W sobotę, 7 października, Marcovia pokonała przed własną publicznością Promnik Łaskarzew 2:0. Obydwie bramki padły w drugiej połowie meczu. Ich autorem był wprowadzony w 60 minucie na plac gry Przemysław Sieczko. Pojedynek z Promnikiem był debiutem Macieja Wesołowskiego w roli trenera Marcovii.
Nowy szkoleniowiec nie miał zbyt wielkiego pola manewru, więc w pierwszym składzie nie było wyraźnej rewolucji. Na ławce rezerwowych zasiedli m.in. Mariusz Rogalski i Przemysław Sieczko. Kapitan Marcovii nie odzyskał jeszcze pełni sił po przebytej chorobie, a popularny „Sieka” był w ostatnim czasie mocno eksploatowany i tym razem miał wejść w drugiej połowie.

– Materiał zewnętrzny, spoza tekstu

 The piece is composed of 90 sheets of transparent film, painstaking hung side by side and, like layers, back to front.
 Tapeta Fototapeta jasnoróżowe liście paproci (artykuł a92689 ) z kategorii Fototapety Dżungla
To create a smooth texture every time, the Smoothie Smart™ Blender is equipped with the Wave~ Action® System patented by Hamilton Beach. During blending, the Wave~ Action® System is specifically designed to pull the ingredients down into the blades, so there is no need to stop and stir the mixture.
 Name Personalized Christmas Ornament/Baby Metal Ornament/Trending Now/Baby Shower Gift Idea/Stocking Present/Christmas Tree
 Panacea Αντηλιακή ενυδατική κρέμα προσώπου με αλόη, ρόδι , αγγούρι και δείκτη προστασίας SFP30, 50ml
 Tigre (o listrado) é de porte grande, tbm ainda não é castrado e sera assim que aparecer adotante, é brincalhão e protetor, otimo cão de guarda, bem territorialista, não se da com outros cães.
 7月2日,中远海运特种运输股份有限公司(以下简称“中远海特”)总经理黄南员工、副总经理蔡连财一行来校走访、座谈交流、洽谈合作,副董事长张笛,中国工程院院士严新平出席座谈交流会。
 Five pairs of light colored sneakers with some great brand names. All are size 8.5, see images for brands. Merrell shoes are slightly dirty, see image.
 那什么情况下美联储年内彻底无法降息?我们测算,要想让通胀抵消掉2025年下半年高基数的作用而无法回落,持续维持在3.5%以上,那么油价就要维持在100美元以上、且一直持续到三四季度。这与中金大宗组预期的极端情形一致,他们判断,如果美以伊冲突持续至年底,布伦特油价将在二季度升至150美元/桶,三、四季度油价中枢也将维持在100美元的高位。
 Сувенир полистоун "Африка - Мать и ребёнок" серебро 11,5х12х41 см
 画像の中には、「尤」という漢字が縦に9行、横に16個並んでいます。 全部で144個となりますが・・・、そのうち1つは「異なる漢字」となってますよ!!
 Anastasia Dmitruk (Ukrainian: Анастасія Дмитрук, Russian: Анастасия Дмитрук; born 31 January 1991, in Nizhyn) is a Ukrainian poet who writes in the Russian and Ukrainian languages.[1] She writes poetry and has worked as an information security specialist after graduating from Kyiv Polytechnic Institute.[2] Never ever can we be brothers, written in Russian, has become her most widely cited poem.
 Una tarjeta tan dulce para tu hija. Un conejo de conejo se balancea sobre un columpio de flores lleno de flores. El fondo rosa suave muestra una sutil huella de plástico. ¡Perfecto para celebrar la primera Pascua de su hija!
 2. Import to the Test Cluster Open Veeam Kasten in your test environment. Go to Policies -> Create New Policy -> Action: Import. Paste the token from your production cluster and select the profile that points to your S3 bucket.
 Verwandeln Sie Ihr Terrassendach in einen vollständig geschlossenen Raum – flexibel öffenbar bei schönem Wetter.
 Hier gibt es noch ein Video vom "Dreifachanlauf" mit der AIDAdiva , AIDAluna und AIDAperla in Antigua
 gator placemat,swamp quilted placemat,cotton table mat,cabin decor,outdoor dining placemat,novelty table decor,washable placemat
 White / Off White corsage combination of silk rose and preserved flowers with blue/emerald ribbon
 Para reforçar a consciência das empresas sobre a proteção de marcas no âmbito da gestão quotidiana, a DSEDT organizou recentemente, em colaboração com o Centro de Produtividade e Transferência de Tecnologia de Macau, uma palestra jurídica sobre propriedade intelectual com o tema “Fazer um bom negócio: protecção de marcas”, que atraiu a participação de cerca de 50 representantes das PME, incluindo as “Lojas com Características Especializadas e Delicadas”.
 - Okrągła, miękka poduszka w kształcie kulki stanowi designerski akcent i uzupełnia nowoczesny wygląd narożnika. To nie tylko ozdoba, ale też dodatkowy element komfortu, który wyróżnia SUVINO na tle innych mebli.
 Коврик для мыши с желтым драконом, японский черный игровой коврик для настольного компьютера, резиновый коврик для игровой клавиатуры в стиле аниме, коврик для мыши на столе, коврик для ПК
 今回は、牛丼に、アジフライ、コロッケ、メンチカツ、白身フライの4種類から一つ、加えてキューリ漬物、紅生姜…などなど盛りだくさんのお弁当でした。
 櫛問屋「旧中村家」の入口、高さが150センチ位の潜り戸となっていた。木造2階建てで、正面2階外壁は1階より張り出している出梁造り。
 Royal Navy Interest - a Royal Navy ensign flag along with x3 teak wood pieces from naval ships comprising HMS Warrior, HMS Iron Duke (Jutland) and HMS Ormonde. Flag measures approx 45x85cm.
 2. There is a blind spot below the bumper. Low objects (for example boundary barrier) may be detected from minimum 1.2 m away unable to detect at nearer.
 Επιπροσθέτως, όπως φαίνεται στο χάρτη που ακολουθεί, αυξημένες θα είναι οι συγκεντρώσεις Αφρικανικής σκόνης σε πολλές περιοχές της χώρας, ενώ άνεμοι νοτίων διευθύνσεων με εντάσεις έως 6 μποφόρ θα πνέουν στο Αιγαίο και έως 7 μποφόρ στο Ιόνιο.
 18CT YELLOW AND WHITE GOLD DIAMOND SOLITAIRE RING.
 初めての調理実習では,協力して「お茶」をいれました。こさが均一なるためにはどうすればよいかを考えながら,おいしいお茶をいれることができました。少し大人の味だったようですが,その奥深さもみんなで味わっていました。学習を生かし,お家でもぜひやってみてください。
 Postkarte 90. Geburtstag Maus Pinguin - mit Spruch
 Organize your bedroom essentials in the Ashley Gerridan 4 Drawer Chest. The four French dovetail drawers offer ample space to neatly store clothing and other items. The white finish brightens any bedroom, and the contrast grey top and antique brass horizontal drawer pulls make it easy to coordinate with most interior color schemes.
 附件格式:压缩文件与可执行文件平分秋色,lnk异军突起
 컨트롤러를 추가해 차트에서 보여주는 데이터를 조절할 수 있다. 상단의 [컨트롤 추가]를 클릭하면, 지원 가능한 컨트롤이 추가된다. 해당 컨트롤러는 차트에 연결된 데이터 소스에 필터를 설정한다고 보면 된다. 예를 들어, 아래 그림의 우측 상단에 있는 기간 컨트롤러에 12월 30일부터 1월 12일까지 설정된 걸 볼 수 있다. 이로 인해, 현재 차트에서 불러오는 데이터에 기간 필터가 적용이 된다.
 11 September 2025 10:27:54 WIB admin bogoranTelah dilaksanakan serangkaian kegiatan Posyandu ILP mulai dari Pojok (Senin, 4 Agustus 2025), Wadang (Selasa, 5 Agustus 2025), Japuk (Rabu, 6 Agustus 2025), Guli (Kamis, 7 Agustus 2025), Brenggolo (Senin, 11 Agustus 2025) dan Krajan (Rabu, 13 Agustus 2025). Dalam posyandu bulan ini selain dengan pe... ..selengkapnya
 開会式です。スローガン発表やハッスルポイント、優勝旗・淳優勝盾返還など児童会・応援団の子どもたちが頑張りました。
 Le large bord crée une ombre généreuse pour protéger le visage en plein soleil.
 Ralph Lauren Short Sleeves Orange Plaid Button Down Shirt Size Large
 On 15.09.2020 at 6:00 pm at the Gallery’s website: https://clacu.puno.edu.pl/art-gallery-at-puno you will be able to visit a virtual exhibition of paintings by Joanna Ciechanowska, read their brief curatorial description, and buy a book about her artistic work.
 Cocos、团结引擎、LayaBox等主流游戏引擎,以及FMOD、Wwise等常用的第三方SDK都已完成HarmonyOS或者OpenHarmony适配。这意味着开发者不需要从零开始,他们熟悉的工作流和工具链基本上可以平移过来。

Pierwsze 45 minut gry było bardzo wyrównane. Żadna z drużyn nie uzyskała wyraźnej przewagi choć piłkarsko lepiej prezentowała się Marcovia. Dłuższe posiadanie piłki nie przekładało się jednak na sytuacje bramkowe. Goście stwarzali zagrożenie pod bramką Łukasza Bestrego głównie po dobrze wykonywanych rzutach rożnych. Marcovia najlepszą okazję do objęcia prowadzenia miała w 35 minucie, gdy bliski pokonania bramkarza był Ernest Kozłowski. W odpowiedzi Promnik trafił w poprzeczkę, ale było to bardziej dośrodkowanie niż celowe uderzenie.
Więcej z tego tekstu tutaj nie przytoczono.